Beginning with the line below that contains "10月9日,金融系2016级" and ending with the line that contains "To verify the", retype every line exactly. Pictures are not copied.
----- Data supplied
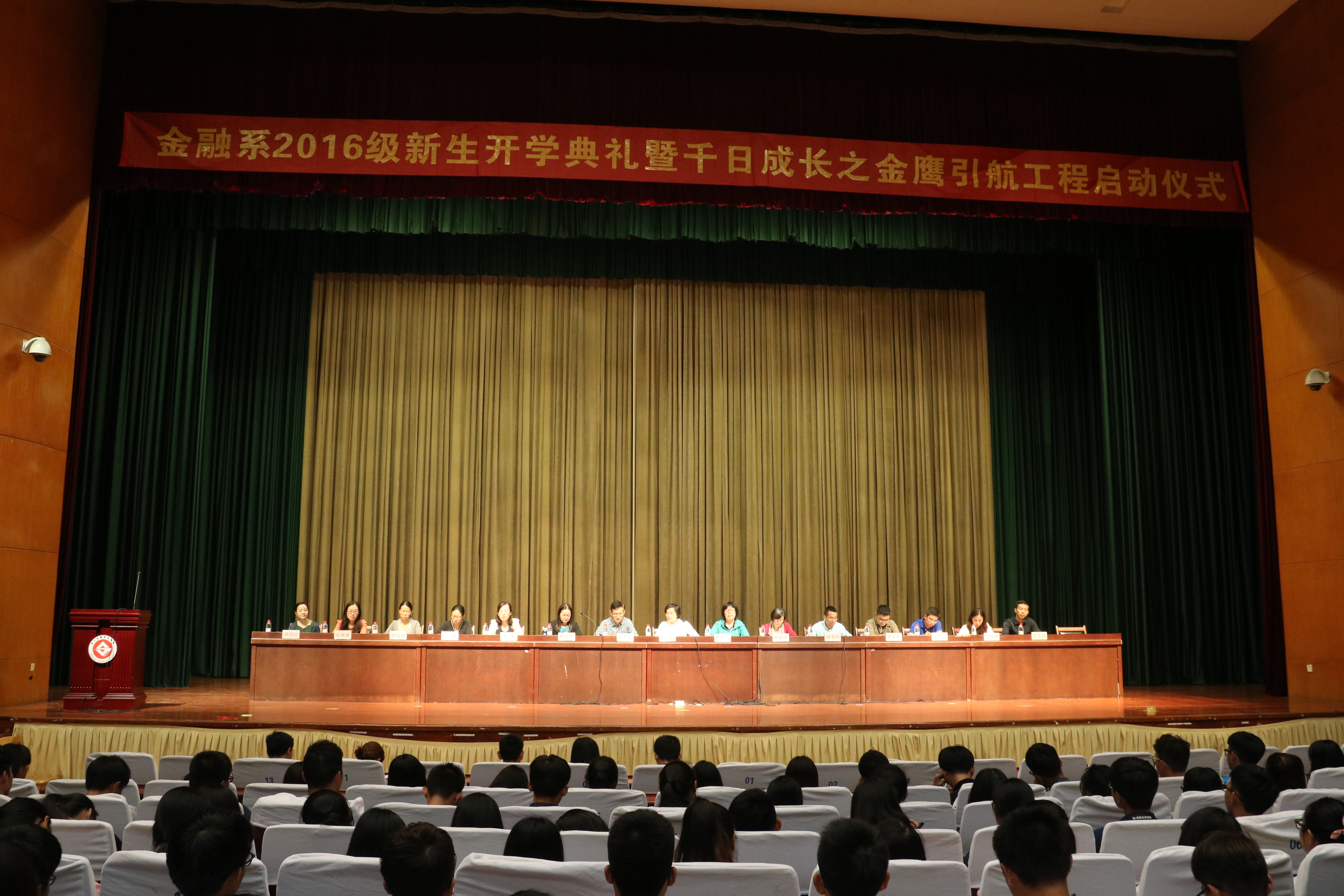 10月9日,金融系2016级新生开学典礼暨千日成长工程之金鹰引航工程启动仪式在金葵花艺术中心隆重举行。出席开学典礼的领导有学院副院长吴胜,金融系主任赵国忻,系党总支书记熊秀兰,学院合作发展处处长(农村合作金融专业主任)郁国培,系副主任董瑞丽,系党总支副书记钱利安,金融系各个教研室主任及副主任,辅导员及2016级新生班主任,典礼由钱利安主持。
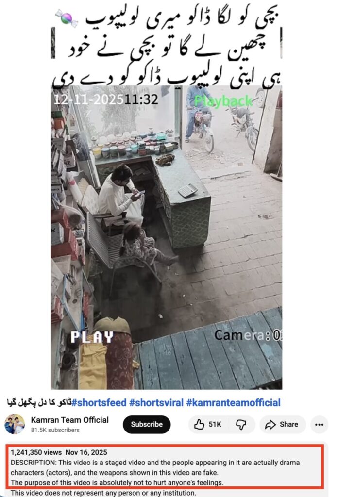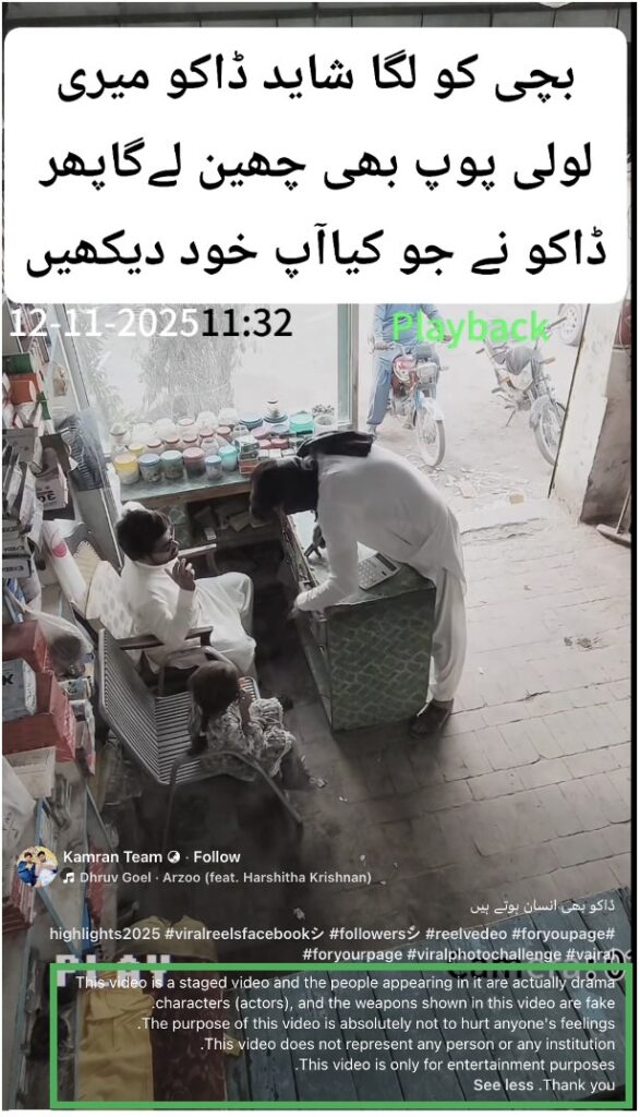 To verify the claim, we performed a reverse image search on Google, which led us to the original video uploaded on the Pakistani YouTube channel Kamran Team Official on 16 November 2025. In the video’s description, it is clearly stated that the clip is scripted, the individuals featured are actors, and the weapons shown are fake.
----------
----- Data supplied
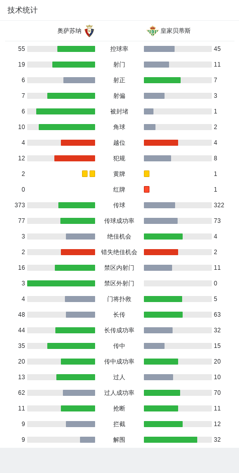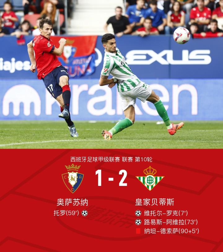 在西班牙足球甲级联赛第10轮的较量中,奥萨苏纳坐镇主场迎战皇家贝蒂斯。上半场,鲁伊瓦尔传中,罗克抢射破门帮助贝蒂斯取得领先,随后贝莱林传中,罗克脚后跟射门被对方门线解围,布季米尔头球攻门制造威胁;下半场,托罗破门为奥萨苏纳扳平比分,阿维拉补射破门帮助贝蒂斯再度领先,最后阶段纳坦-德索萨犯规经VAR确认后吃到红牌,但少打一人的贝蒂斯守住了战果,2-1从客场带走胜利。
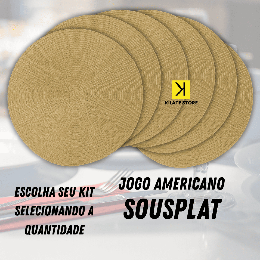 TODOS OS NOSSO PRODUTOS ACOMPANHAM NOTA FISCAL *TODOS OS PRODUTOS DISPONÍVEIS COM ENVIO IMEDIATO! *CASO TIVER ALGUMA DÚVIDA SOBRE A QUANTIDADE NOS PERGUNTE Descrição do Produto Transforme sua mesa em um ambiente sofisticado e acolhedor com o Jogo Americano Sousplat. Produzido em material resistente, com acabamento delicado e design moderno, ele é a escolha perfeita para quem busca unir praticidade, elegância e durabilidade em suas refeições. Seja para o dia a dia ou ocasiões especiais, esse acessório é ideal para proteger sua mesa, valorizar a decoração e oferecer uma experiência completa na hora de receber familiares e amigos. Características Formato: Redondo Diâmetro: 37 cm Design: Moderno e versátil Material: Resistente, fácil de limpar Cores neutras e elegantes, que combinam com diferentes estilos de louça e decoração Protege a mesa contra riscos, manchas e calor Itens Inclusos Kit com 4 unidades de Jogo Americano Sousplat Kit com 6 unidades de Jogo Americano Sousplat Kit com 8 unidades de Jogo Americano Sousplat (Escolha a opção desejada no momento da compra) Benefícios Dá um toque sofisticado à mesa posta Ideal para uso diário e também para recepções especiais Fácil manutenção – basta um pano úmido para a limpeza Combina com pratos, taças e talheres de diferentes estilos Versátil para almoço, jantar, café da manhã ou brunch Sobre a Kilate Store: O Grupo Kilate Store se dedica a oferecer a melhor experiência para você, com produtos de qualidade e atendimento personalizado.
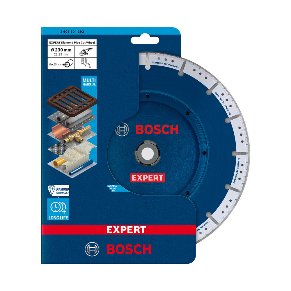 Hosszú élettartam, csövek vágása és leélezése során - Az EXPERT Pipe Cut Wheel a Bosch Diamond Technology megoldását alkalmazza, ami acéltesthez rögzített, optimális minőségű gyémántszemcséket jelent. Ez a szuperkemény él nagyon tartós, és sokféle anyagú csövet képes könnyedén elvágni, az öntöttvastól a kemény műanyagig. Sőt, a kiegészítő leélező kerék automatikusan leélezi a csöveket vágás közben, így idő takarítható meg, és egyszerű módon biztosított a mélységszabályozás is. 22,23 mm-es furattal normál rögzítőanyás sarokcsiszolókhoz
----------
* _Solution_
 10月9日,金融系2016级新生开学典礼暨千日成长工程之金鹰引航工程启动仪式在金葵花艺术中心隆重举行。出席开学典礼的领导有学院副院长吴胜,金融系主任赵国忻,系党总支书记熊秀兰,学院合作发展处处长(农村合作金融专业主任)郁国培,系副主任董瑞丽,系党总支副书记钱利安,金融系各个教研室主任及副主任,辅导员及2016级新生班主任,典礼由钱利安主持。
 To verify the claim, we performed a reverse image search on Google, which led us to the original video uploaded on the Pakistani YouTube channel Kamran Team Official on 16 November 2025. In the video’s description, it is clearly stated that the clip is scripted, the individuals featured are actors, and the weapons shown are fake.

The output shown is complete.